Without including the pictures, copy out every line below.

Segment Start: Supplied records

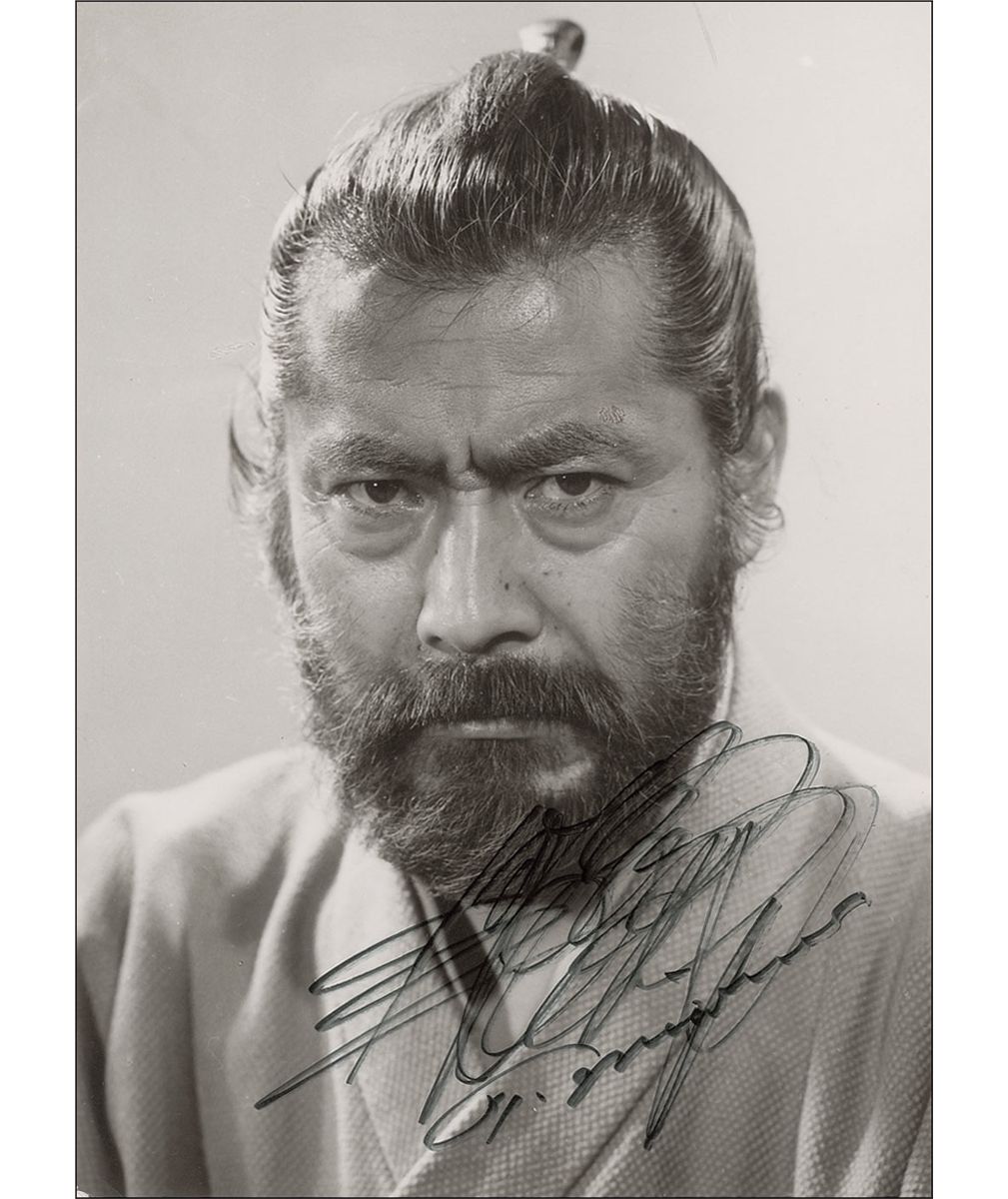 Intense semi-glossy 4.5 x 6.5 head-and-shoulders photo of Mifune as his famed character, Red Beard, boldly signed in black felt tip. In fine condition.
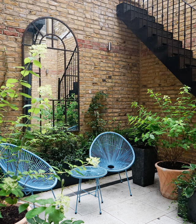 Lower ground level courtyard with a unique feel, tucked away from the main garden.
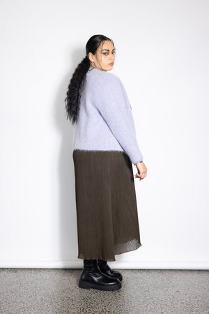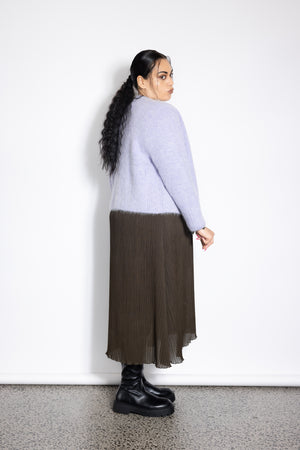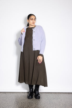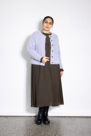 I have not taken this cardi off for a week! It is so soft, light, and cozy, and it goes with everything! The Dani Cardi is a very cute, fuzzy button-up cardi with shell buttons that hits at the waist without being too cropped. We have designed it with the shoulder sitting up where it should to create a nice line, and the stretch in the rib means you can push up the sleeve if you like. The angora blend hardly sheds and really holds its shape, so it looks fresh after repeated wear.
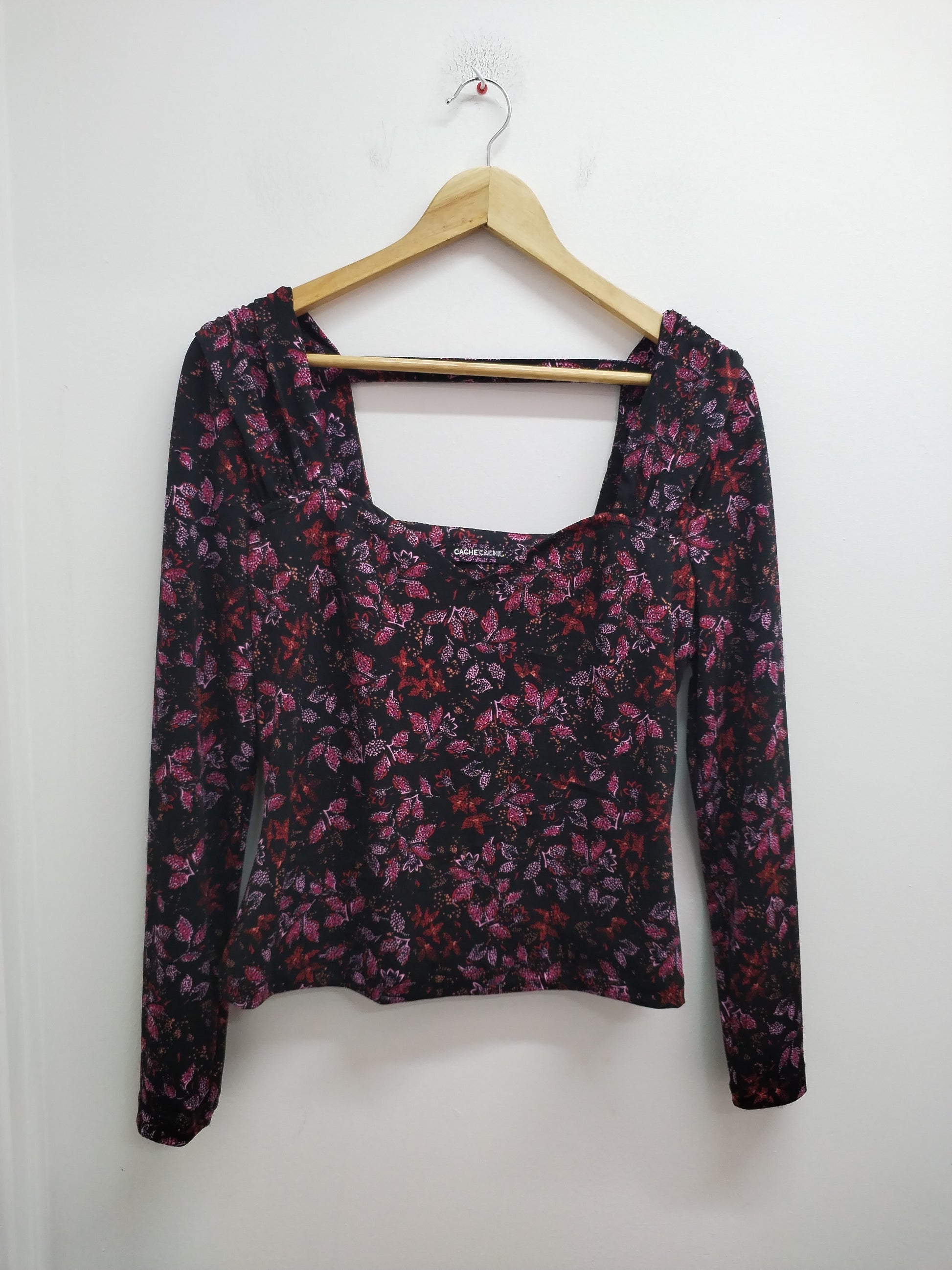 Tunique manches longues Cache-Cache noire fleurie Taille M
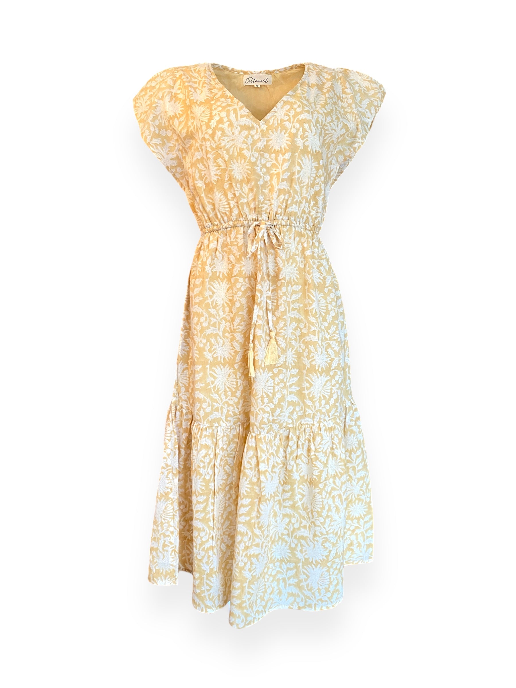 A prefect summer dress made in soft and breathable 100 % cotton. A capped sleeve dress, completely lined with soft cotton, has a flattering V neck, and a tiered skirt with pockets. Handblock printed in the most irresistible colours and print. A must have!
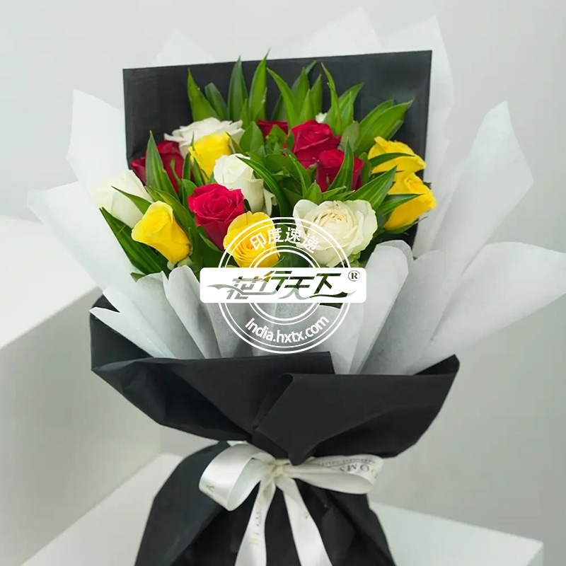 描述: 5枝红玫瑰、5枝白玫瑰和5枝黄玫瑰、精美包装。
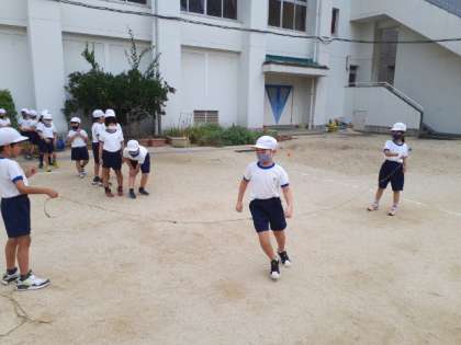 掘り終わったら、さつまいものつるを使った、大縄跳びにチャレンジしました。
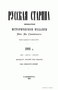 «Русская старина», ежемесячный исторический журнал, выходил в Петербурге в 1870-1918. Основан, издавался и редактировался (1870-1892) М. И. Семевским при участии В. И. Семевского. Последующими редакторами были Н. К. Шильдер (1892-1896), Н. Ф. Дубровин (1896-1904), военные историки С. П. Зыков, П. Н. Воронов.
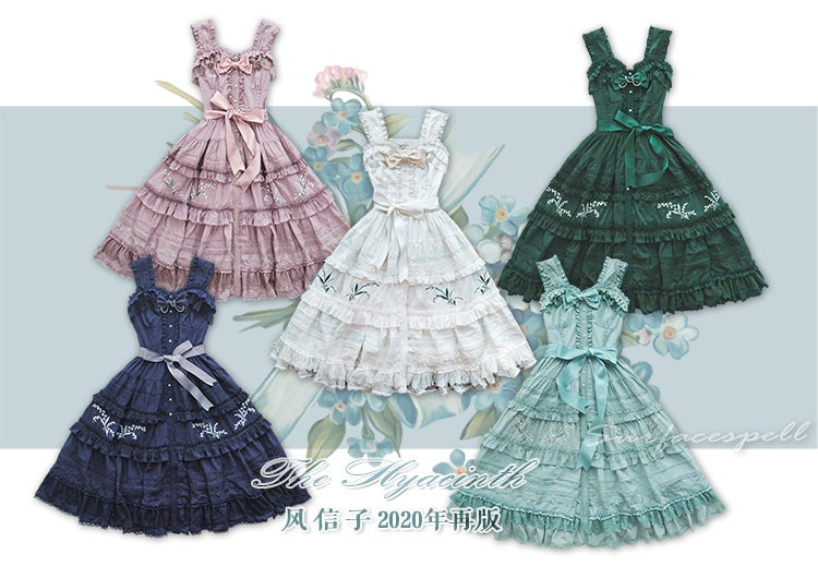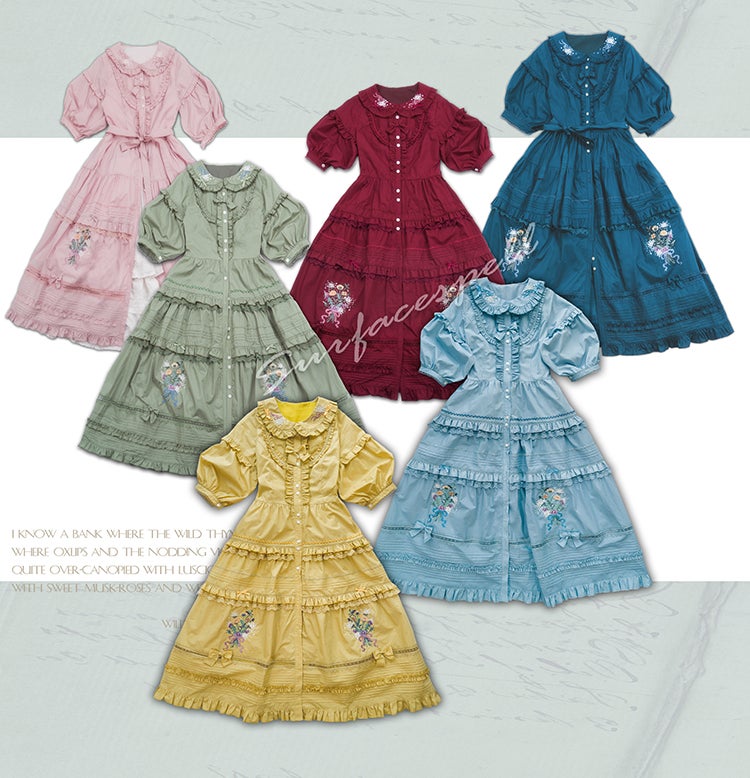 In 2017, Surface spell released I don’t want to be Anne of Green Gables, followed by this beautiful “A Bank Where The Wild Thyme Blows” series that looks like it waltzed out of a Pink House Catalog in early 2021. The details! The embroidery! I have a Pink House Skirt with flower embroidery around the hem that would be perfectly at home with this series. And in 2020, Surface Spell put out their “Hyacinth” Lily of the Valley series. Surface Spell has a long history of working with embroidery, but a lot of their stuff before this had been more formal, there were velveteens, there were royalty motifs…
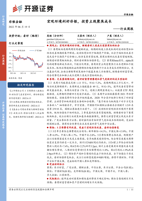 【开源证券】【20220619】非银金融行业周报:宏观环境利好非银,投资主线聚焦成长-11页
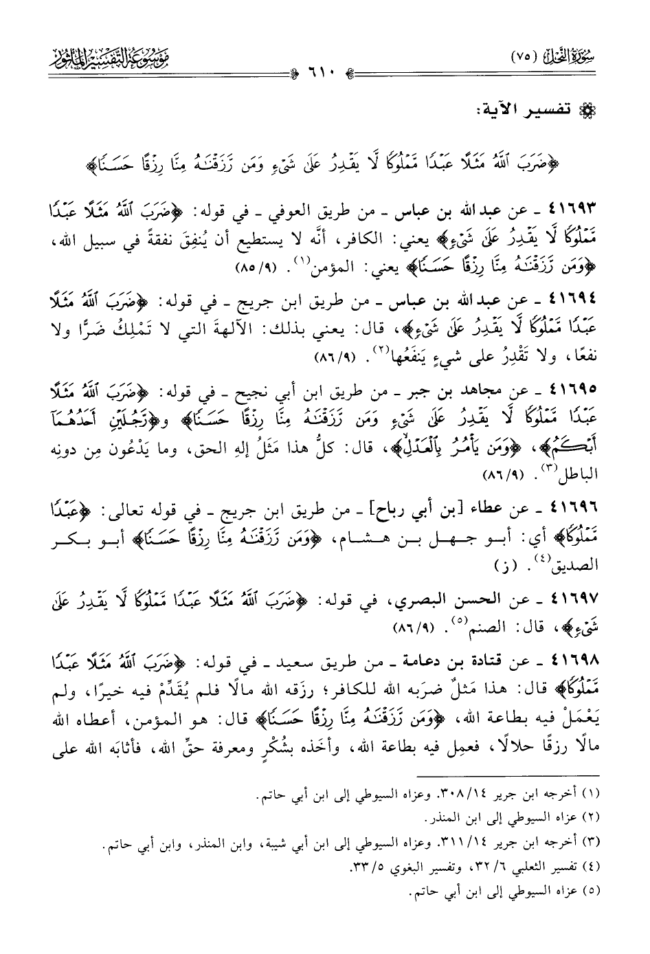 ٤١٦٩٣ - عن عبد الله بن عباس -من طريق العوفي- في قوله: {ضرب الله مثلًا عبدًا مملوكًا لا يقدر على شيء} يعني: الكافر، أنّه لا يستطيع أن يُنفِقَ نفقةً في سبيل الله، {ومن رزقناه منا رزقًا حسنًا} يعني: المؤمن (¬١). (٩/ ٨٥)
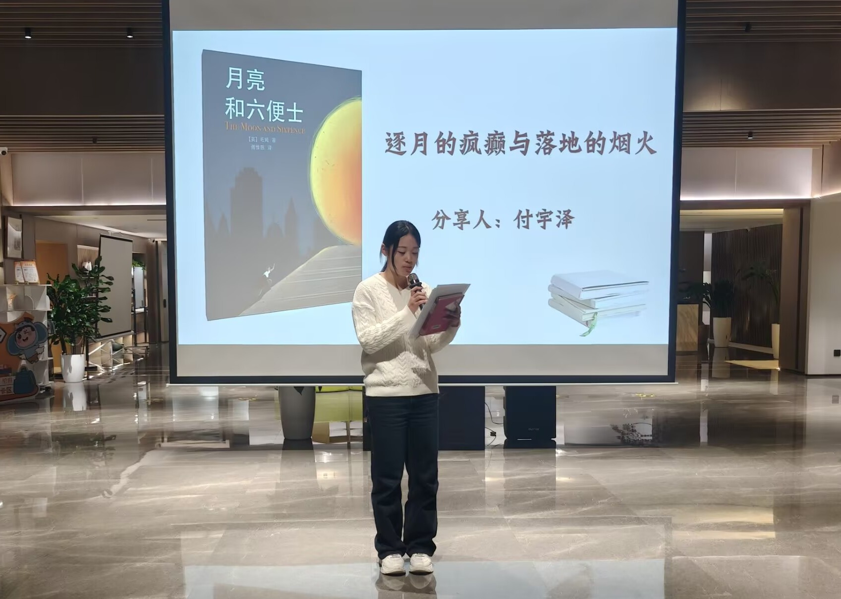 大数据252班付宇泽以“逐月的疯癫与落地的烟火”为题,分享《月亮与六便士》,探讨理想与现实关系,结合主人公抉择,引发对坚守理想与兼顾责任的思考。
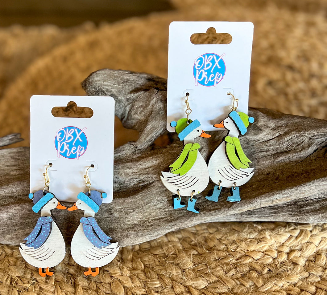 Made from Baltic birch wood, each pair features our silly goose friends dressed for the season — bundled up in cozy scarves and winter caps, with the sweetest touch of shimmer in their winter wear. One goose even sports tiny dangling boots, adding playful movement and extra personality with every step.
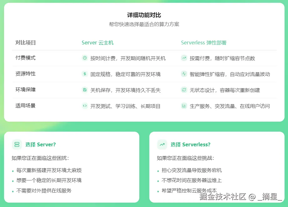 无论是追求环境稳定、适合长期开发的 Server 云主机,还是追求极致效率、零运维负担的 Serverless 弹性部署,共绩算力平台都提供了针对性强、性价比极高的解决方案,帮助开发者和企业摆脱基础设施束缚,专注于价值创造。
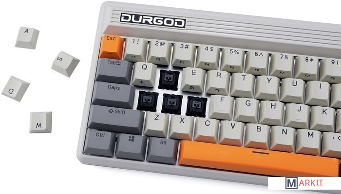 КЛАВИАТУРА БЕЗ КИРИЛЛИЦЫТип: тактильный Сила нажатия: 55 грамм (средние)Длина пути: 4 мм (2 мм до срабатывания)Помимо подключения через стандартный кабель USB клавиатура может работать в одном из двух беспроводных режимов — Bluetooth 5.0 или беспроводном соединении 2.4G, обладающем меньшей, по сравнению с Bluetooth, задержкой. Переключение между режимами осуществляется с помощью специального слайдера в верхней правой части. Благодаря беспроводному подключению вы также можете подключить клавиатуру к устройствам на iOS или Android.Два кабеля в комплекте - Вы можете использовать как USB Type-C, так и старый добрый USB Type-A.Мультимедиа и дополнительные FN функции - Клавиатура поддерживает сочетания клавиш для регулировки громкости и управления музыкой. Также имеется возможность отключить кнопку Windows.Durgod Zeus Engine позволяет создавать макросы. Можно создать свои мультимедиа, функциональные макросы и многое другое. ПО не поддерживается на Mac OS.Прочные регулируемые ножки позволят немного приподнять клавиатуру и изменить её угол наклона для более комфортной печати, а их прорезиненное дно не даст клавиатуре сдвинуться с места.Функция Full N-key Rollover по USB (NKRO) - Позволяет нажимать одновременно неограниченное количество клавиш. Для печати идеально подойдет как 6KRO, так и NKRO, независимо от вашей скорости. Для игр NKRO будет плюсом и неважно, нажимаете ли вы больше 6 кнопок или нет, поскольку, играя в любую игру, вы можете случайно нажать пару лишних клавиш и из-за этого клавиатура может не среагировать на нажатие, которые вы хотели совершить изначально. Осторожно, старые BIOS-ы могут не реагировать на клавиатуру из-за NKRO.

Segment End: Supplied records

◆ **Expected answer**
 Intense semi-glossy 4.5 x 6.5 head-and-shoulders photo of Mifune as his famed character, Red Beard, boldly signed in black felt tip. In fine condition.
 Lower ground level courtyard with a unique feel, tucked away from the main garden.
 I have not taken this cardi off for a week! It is so soft, light, and cozy, and it goes with everything! The Dani Cardi is a very cute, fuzzy button-up cardi with shell buttons that hits at the waist without being too cropped. We have designed it with the shoulder sitting up where it should to create a nice line, and the stretch in the rib means you can push up the sleeve if you like. The angora blend hardly sheds and really holds its shape, so it looks fresh after repeated wear.
 Tunique manches longues Cache-Cache noire fleurie Taille M
 A prefect summer dress made in soft and breathable 100 % cotton. A capped sleeve dress, completely lined with soft cotton, has a flattering V neck, and a tiered skirt with pockets. Handblock printed in the most irresistible colours and print. A must have!
 描述: 5枝红玫瑰、5枝白玫瑰和5枝黄玫瑰、精美包装。
 掘り終わったら、さつまいものつるを使った、大縄跳びにチャレンジしました。
 «Русская старина», ежемесячный исторический журнал, выходил в Петербурге в 1870-1918. Основан, издавался и редактировался (1870-1892) М. И. Семевским при участии В. И. Семевского. Последующими редакторами были Н. К. Шильдер (1892-1896), Н. Ф. Дубровин (1896-1904), военные историки С. П. Зыков, П. Н. Воронов.
 In 2017, Surface spell released I don’t want to be Anne of Green Gables, followed by this beautiful “A Bank Where The Wild Thyme Blows” series that looks like it waltzed out of a Pink House Catalog in early 2021. The details! The embroidery! I have a Pink House Skirt with flower embroidery around the hem that would be perfectly at home with this series. And in 2020, Surface Spell put out their “Hyacinth” Lily of the Valley series. Surface Spell has a long history of working with embroidery, but a lot of their stuff before this had been more formal, there were velveteens, there were royalty motifs…
 【开源证券】【20220619】非银金融行业周报:宏观环境利好非银,投资主线聚焦成长-11页
 ٤١٦٩٣ - عن عبد الله بن عباس -من طريق العوفي- في قوله: {ضرب الله مثلًا عبدًا مملوكًا لا يقدر على شيء} يعني: الكافر، أنّه لا يستطيع أن يُنفِقَ نفقةً في سبيل الله، {ومن رزقناه منا رزقًا حسنًا} يعني: المؤمن (¬١). (٩/ ٨٥)
 大数据252班付宇泽以“逐月的疯癫与落地的烟火”为题,分享《月亮与六便士》,探讨理想与现实关系,结合主人公抉择,引发对坚守理想与兼顾责任的思考。
 Made from Baltic birch wood, each pair features our silly goose friends dressed for the season — bundled up in cozy scarves and winter caps, with the sweetest touch of shimmer in their winter wear. One goose even sports tiny dangling boots, adding playful movement and extra personality with every step.
 无论是追求环境稳定、适合长期开发的 Server 云主机,还是追求极致效率、零运维负担的 Serverless 弹性部署,共绩算力平台都提供了针对性强、性价比极高的解决方案,帮助开发者和企业摆脱基础设施束缚,专注于价值创造。
 КЛАВИАТУРА БЕЗ КИРИЛЛИЦЫТип: тактильный Сила нажатия: 55 грамм (средние)Длина пути: 4 мм (2 мм до срабатывания)Помимо подключения через стандартный кабель USB клавиатура может работать в одном из двух беспроводных режимов — Bluetooth 5.0 или беспроводном соединении 2.4G, обладающем меньшей, по сравнению с Bluetooth, задержкой. Переключение между режимами осуществляется с помощью специального слайдера в верхней правой части. Благодаря беспроводному подключению вы также можете подключить клавиатуру к устройствам на iOS или Android.Два кабеля в комплекте - Вы можете использовать как USB Type-C, так и старый добрый USB Type-A.Мультимедиа и дополнительные FN функции - Клавиатура поддерживает сочетания клавиш для регулировки громкости и управления музыкой. Также имеется возможность отключить кнопку Windows.Durgod Zeus Engine позволяет создавать макросы. Можно создать свои мультимедиа, функциональные макросы и многое другое. ПО не поддерживается на Mac OS.Прочные регулируемые ножки позволят немного приподнять клавиатуру и изменить её угол наклона для более комфортной печати, а их прорезиненное дно не даст клавиатуре сдвинуться с места.Функция Full N-key Rollover по USB (NKRO) - Позволяет нажимать одновременно неограниченное количество клавиш. Для печати идеально подойдет как 6KRO, так и NKRO, независимо от вашей скорости. Для игр NKRO будет плюсом и неважно, нажимаете ли вы больше 6 кнопок или нет, поскольку, играя в любую игру, вы можете случайно нажать пару лишних клавиш и из-за этого клавиатура может не среагировать на нажатие, которые вы хотели совершить изначально. Осторожно, старые BIOS-ы могут не реагировать на клавиатуру из-за NKRO.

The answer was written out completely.